# We Have Spawnage - Super Red HMPK x Black Marble SD



## Flare (Dec 17, 2010)

Male: Super Red HMPK
Female: Black Marble SD

I released her a little after 2pm today, they began spawning around 2:30pm. 

They finished around 4pm, it was their first time, and she never really got super eggy, I think there are only around maybe 40 eggs in the nest. She's out and enjoying a snack of bloodworms. He's being very good tending the nest, cleaning the eggs, so we'll see. 

They were such lovely spawners, no damage to either fish. All of the food cultures are ready! So now i just have to see how many eggs hatch and how many babies i actually get!!

Sorry for the horrible photos, my camera does not take good pictures when the water has IAL in it and is tinted! 



























































































And a video! 
http://www.youtube.com/watch?v=ad-GPUQmujs


----------



## Flare (Dec 17, 2010)

Lets play spot the eggs!!


----------



## Bettawhisperer (Oct 1, 2010)

I breed and show Bettas and I'm not familiar with the term SD. What is that supposed to stand for?...............Yes virgin pairs sometimes don't have as many the first time.
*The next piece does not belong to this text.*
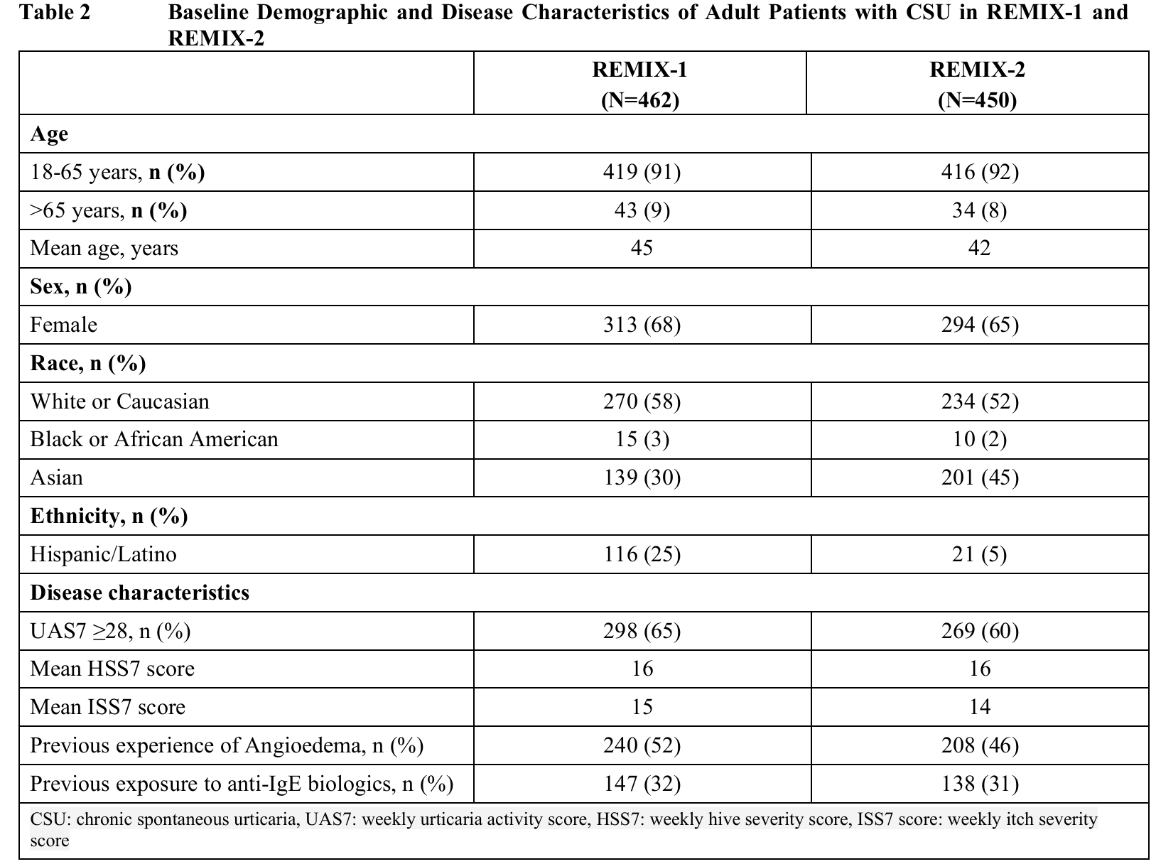 치료군 전반에서 등록 시점의 CSU 평균 유병 기간은 REMIX-1과 REMIX-2에서 각각 6.6년과 5.2년이었으며, 환자의 39%와 29%는 CSU 유병 기간이 5년을 초과하였다.

Good luck with this spawn.


----------



## Mr. fish (Mar 8, 2011)

Ive never seen fish spawn before, thats crazy lol


----------



## Betta man (Mar 25, 2011)

If you have too many bettas, I might be interested in buying.


----------



## Chard56 (Oct 10, 2010)

Bettawhisperer said:


> I breed and show Bettas and I'm not familiar with the term SD. What is that supposed to stand for?...............Yes virgin pairs sometimes don't have as many the first time. Good luck with this spawn.


SD stands for Super Delta.


----------



## Aflat (Apr 16, 2011)

Really cool. Your lucky that it went so smooth. My water quality went really bad and I had to abort. Sad day. Does the tint in the water help that? Hope you keep us updated.


----------



## Flare (Dec 17, 2010)

Breeding is just not my thing these days... woke up to no eggs and no nest... it was a first time breeding for both of them so its possible the eggs were infertile... I'm going to recondition the pair, they were so wonderful, quick and gentle, I think next time they'll get it, I'll probably try spawning them again in about 3 weeks. I put a new pair in the tank today that I am very excited about, I will start a new thread about them!


----------



## Bettawhisperer (Oct 1, 2010)

You can condition them good with bloodworms for two weeks and try again in two weeks she'll be ready with eggs by then. Yes sometimes with virgin pairs you'll have failed spawns but they should do good the next time.


----------